**What you should do**
Without including any images, repeat the listing below exactly.

**Dataset extract**
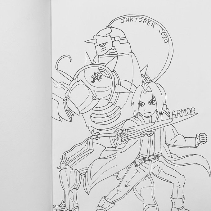 Inktober 2020 - Day 14 - Armor #inktober #inktober2020 #ink #coloredpencil #inktoberarmor #armor #alphonse #edward #elricbrothers #fullmetalalchemist
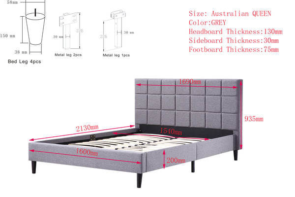 An exceptionally sturdy metal frame and support wooden slats provide a rock-solid foundation for your mattress that will surely lead to many restful nights. The Linen Fabric covering is similarly durable, not to mention easy to clean. The frame is designed to accommodate standard Queen-sized mattresses with dimensions of 153 x 203 cm (mattress and linens not included). The headboard is 108.5 cm tall (15cm leg & 93.5cm headboard) from top to bottom, and the overall dimensions of the bed frame are 169 cm x 213 cm.
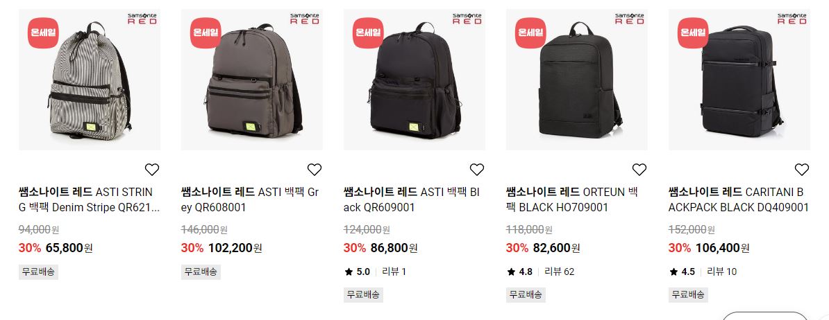 할인 품목 : 백팩, 캐리어 등

**Written solution**
 Inktober 2020 - Day 14 - Armor #inktober #inktober2020 #ink #coloredpencil #inktoberarmor #armor #alphonse #edward #elricbrothers #fullmetalalchemist
 An exceptionally sturdy metal frame and support wooden slats provide a rock-solid foundation for your mattress that will surely lead to many restful nights. The Linen Fabric covering is similarly durable, not to mention easy to clean. The frame is designed to accommodate standard Queen-sized mattresses with dimensions of 153 x 203 cm (mattress and linens not included). The headboard is 108.5 cm tall (15cm leg & 93.5cm headboard) from top to bottom, and the overall dimensions of the bed frame are 169 cm x 213 cm.
 할인 품목 : 백팩, 캐리어 등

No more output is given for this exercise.